What is being asked: Find the line containing "Também estavam presentes" in the entries; transcribe it and all remaining lines through the end, exactly as they appear, but not the pictures.

Dataset items:
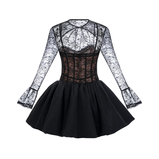 Louise black floral-lace vest & dress matching set
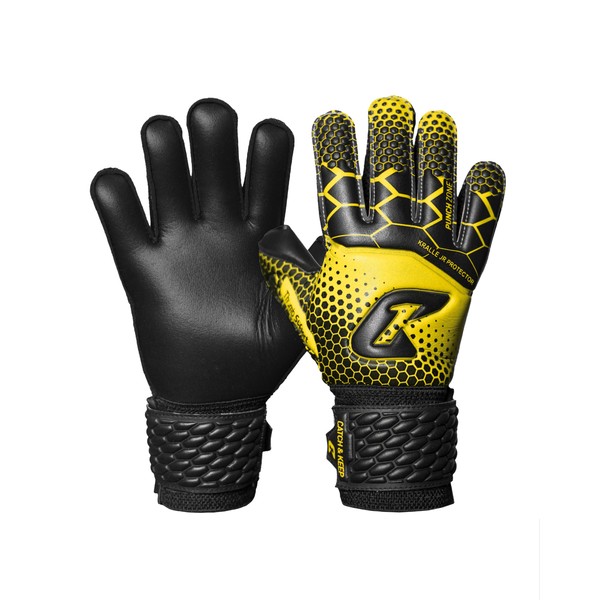 CATCH & KEEP Goalkeeper Gloves Children's Claw Protector Yellow Size 4 I Professional Children's Goalkeeper Gloves with Finger Protection, Thumb Support & Thicker Wrist Support
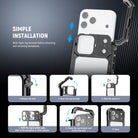 - 1 Click Installation & Full Access - Opened and locked via the side button, the phone cage needs no assembly and maintains full access to the camera, port, and buttons. A detachable rubber ensures seamless use of the Camera Control, and the hollow design is fully compatible with MagSafe wireless charging and magnetic accessories
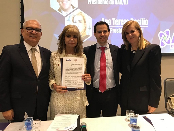 Também estavam presentes no evento o presidente da OAB/RJ, Luciano Bandeira, e a vice-presidente da Seccional, Ana Tereza Basílio. Da esq. para a dir., Esdras Dantas de Souza, Rita Cortez, Marcos Crissiuma e Ana Tereza Basílio
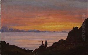 Sunset With Greenlandic Children Overlooking The Sea
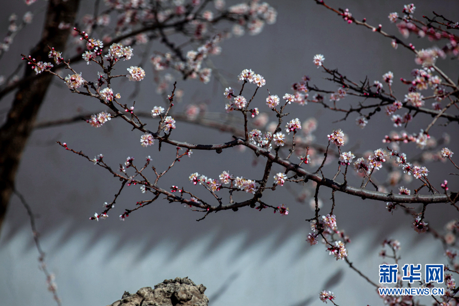滿階芳草綠,一片杏花香。枝頭綻放的杏花嬌艷無比。新華網(wǎng) 陳錫明 攝
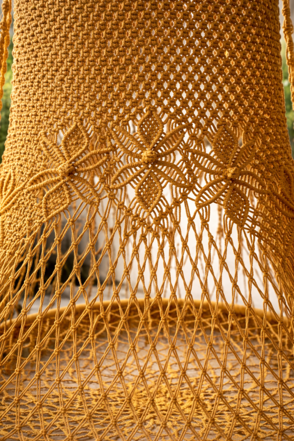 The beauty of a macrame hanging swing chair comes from traditional macramé techniques, a decorative knotting art that has been popular for centuries.

Task solution:
 Também estavam presentes no evento o presidente da OAB/RJ, Luciano Bandeira, e a vice-presidente da Seccional, Ana Tereza Basílio. Da esq. para a dir., Esdras Dantas de Souza, Rita Cortez, Marcos Crissiuma e Ana Tereza Basílio
 Sunset With Greenlandic Children Overlooking The Sea
滿階芳草綠,一片杏花香。枝頭綻放的杏花嬌艷無比。新華網(wǎng) 陳錫明 攝
 The beauty of a macrame hanging swing chair comes from traditional macramé techniques, a decorative knotting art that has been popular for centuries.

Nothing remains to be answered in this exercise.